Treatments for enterovirus infections

There are currently two types of vaccines approved for EV: polio vaccines and EV-A71 vaccines (currently only approved in China).

There is as yet no antiviral approved for treating EV infections. Current treatment alternatives for managing ongoing infections are supportive treatment aimed at symptom relief and intensive support when needed.

“A broad-spectrum antiviral drug would be preferable over a common vaccine”

Several EV antiviral drugs have been evaluated in clinical trials over the years. Most of these drugs have been so-called Direct Acting Antivirals (DAA) that were designed to target the EV directly. These substances have a relatively narrow antiviral spectrum and often a low threshold for developing viral resistance. In addition to DAA, single so-called Host-Targeting Antivirals (HTA), designed to target host mechanisms that are important for the virus life-cycle, have also been evaluated.
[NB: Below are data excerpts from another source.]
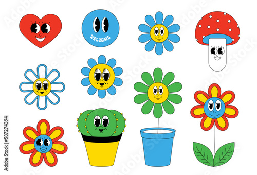 Groovy Hippie Sticker Retro Emoji Retro Pop Art Vector Vintage Illustration.
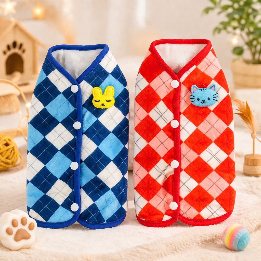 Mẫu áo khoác gile dành cho chó mèo với thiết kế họa tiết caro nổi bật kết hợp lớp lót ấm áp – vừa giữ ấm vừa cực kỳ xinh xắn!
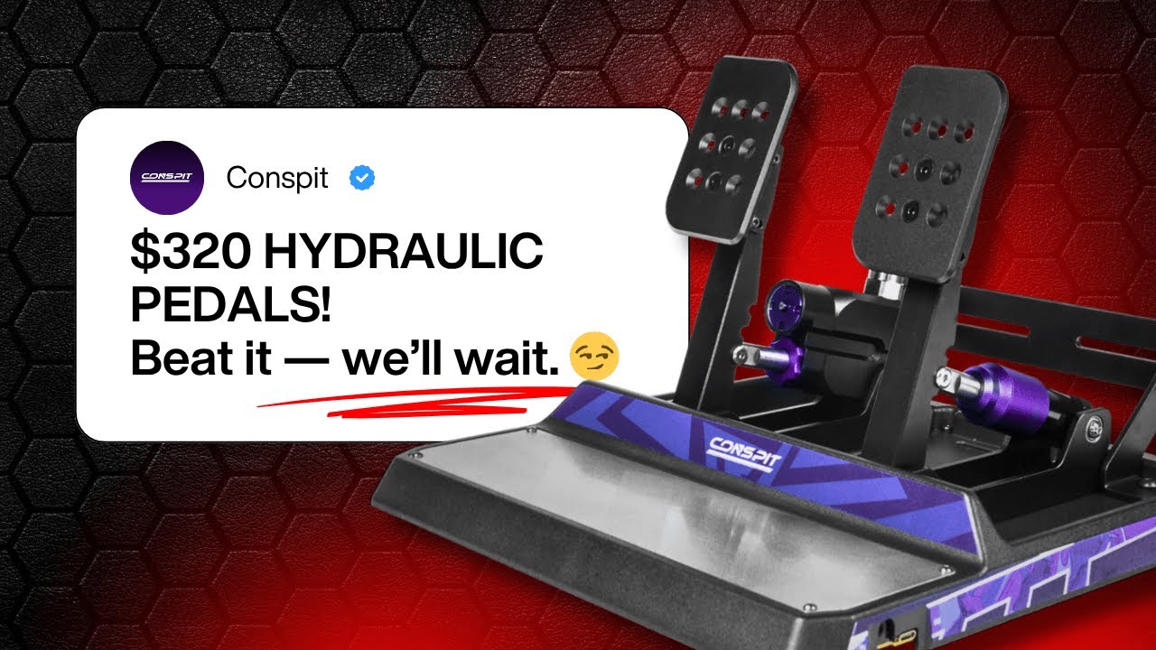 The Conspit CPP Apex is a high-precision hydraulic pedals set with adjustable travel, Hall-effect throttle & optional clutch, designed for F1, GT, rally and drift sim-racing.
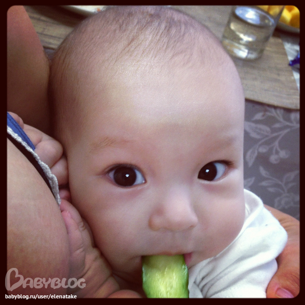 прикорм еще не начали, думаю, может в эти выходные начну, ну уж очень хочется заснять все на фото, да и не сидит еще мой сынулька, и даже не пытается садиться, зато уже почти ползет. Так устойчиво стоит на четвереньках. Я даю ему полизать, пососать, пожувать разные овощи и фрукты.
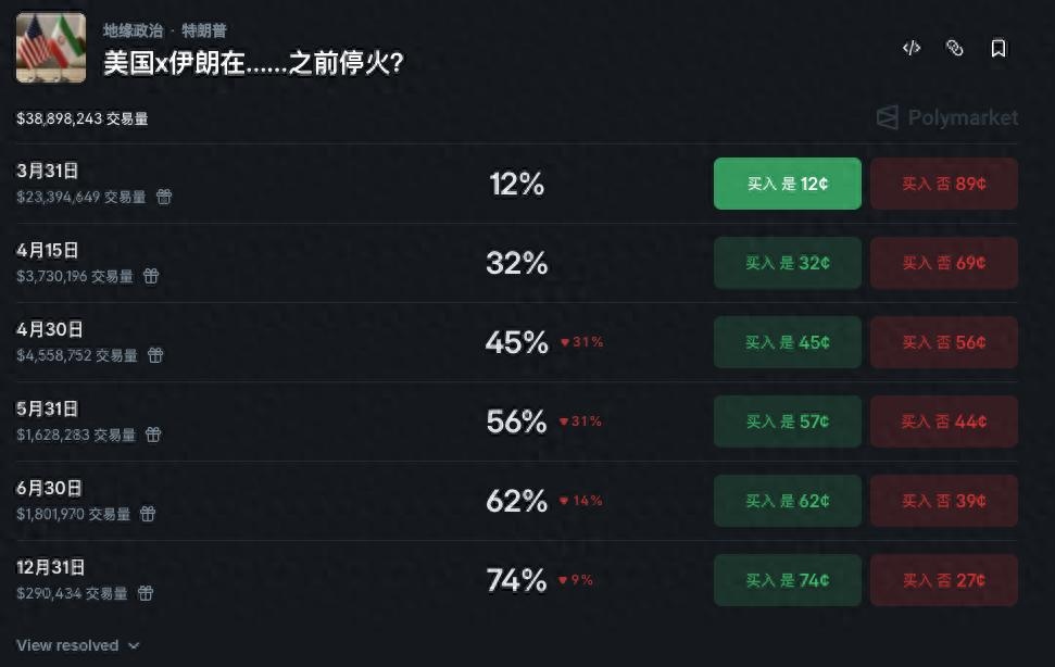 pollymarket的概率显示3月底停战的概率只有12%,但拖两个月,中国的石油储备也会开始消耗。

One advantage of HTAs when it comes to treating EVs, is due to the fact that EV consists of a large group of viruses. Because of this, the effectiveness of DAA drugs on different EVs varies greatly, even when there are only very small differences between the various EVs. This is where HTAs have an advantage, in that they target a functional host protein used by all EVs. Such an HTA drug is therefore expected to be effective against all EV. Further, since host cells do not mutate to the same extent as viruses, the risk of developing viral resistance following treatment with HTAs is lower. Theoretically, safety is one potential drawback of HTAs compared to DAAs. However, this risk is not greater than for other substances that act on human cell targets.

Curovir’s selected EV antiviral, CUR-N399, is an HTA is scheduled to complete the first phase I clinical trial phase in Q1 of 2022. In addition, several EV vaccines and a two EV HTAs similar to CUR-N399 are currently in early clinical development.